The three methods utilized to induce thinning of epithelium (mechanical abrasion with cytobrush, chemical treatment with N9, and hormonal treatment with DMPA) resulted in variable effects. The mechanical abrasion significantly denuded the epithelium of the cervix and fornix, however the thick vaginal epithelium was not consistently affected. When we continued to abrade, the thinnest areas bled. For a mucosal vaccine or efficacy study for STI prevention medications, the epithelium should be thinned but still intact; bleeding areas would compromise such studies because the disrupted areas could allow bypass of the natural mucosal barrier. Previous studies suggest that N9 treatment is less effective to perturb the integrity of the epithelium in NHP when compared to sheep or mice (14, 18, 21). Significant thinning was reported after a single intravaginal dose of N9 in mice or sheep but not in pigtailed macaques (22).

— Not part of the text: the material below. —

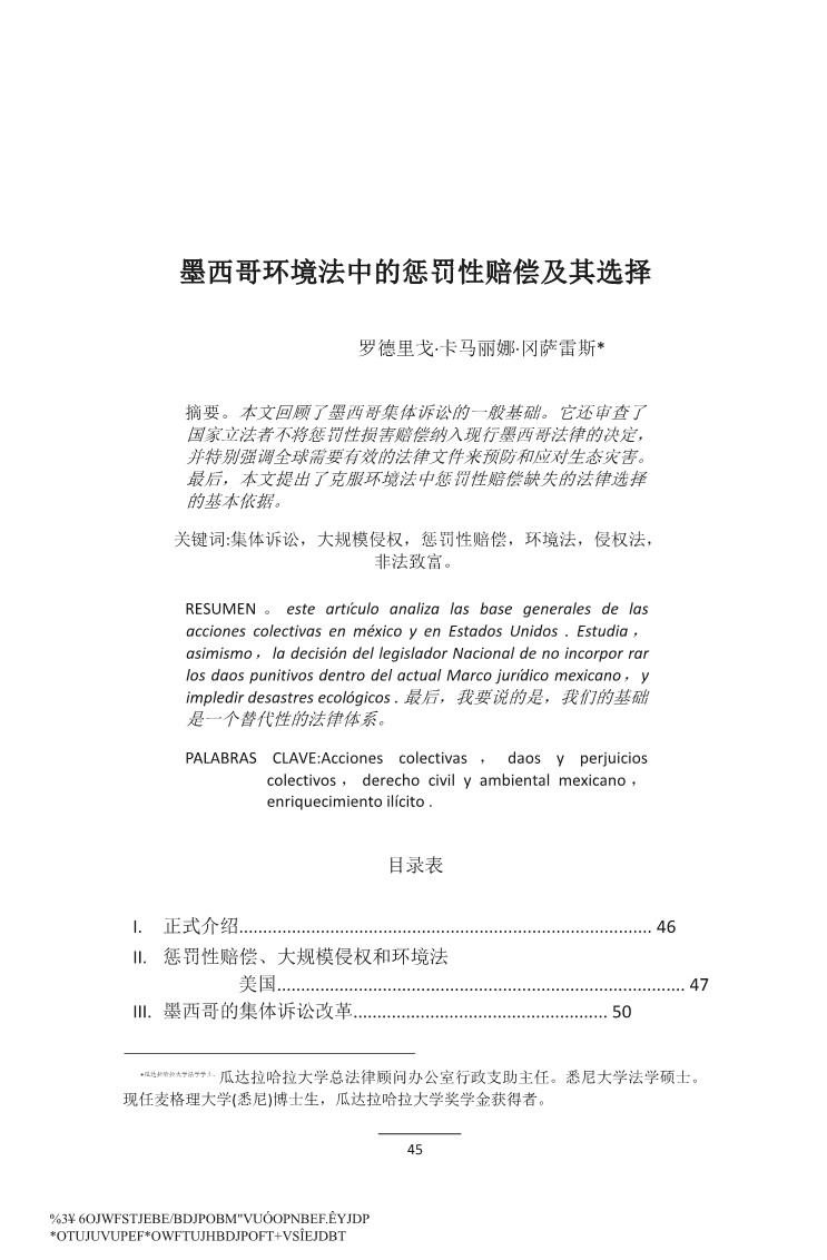 墨西哥环境法中的惩罚性赔偿及其选择外文翻译资料 2022-08-03 14:42:32 英语原文共 30 页,剩余内容已隐藏,支付完成后下载完整资料 英语译文共 20 页,剩余内容已隐藏,支付完成后下载完整资料 资料编号:[265822],资料为PDF文档或Word文档,PDF文档可免费转换为Word 原文和译文剩余内容已隐藏,您需要先支付 30元 才能查看原文和译文全部内容!立即支付 发小红书推广免费获取该资料资格。点击链接进入获取推广文案即可: Ai一键组稿 | 降AI率 | 降重复率 | 论文一键排版 PREVIOUS NEXT 您可能感兴趣的文章 试论消费者网购后悔权制度外文翻译资料 试论安全保障义务人补充责任外文翻译资料 论孤儿作品利用制度的完善外文翻译资料 租赁合同的历史外文翻译资料 区块链时代的电子证据:关于真实性和完整性的新规则外文翻译资料 辩诉交易、自白和刑事案件的协商解决外文翻译资料 云计算系统中的数字证据外文翻译资料 处于十字路口的英国法律援助系统外文翻译资料 案例分析 法学基础框架模型之错案责任调查制度外文翻译资料 谈判可以改变行政程序吗?外文翻译资料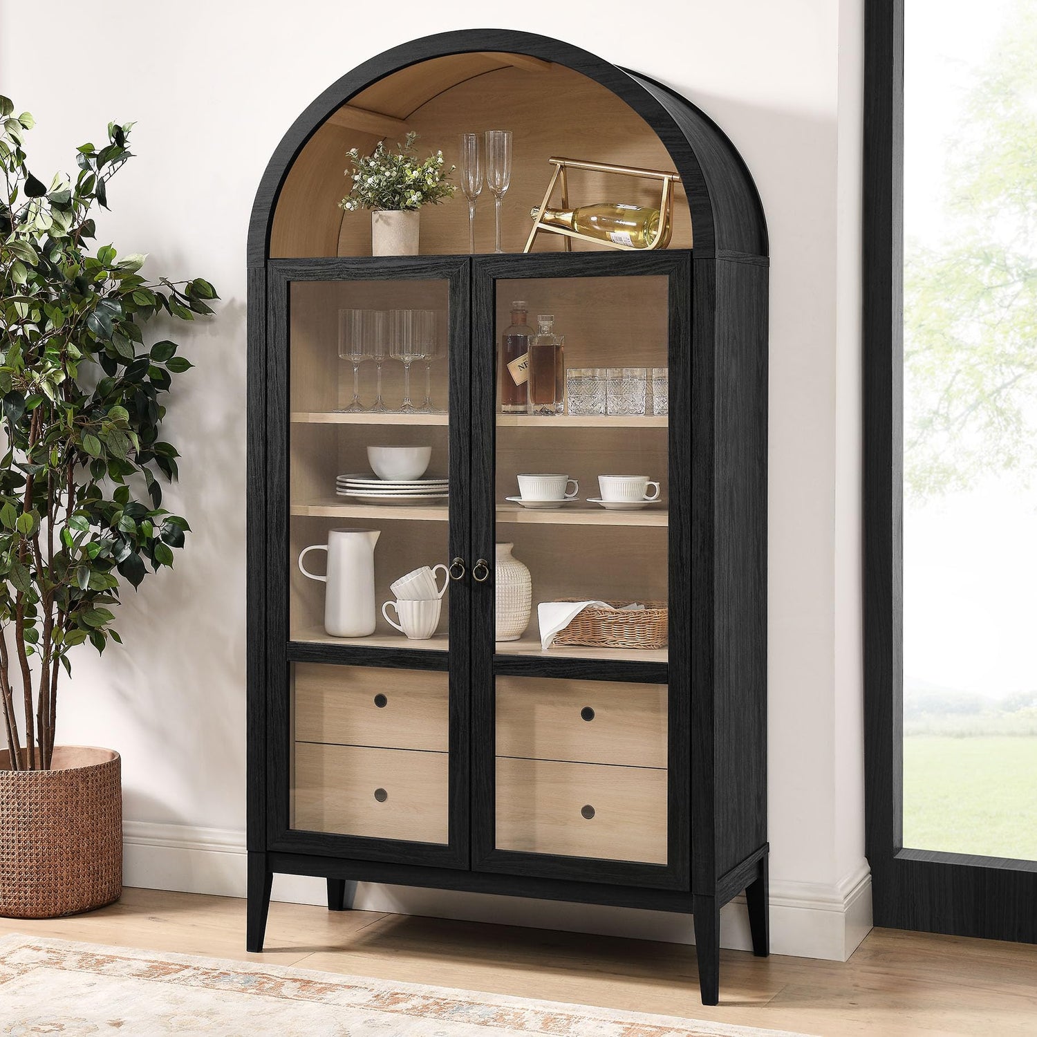 Modway Nolan Tall Arched Storage Display Cabinet in Black Oak - 74 Inch Arch Bookshelf with Glass Doors, Shelves and Drawers - Modern Accent Cabinet for Living Room, Dining Room

Two doses of N9 caused significant thinning of the fornix only; N9 has been shown to increase the likelihood of STI acquisition in women which is a limitation for its use beyond preclinical studies. In this study, DMPA effectively thinned the epithelium, as has been shown after treatment with other progestogens (23), however there is concern that the immunosuppressive effect of DMPA would diminish response to vaccine (24, 25). High progestogen states can suppress cellular immune responses (26), which is a concern for mucosal vaccination, while conversely, estrogen has been shown to improve vaccine uptake (27). While the use of these mechanical, chemical, and hormonal methods may be effective at bypassing the natural barrier of the cervicovaginal epithelium, these methods may also lead to disrupted epithelium and an increased susceptibility to infection. Such methods may not be suitable for vaccine strategies that rely on the integrity of the mucosal epithelium.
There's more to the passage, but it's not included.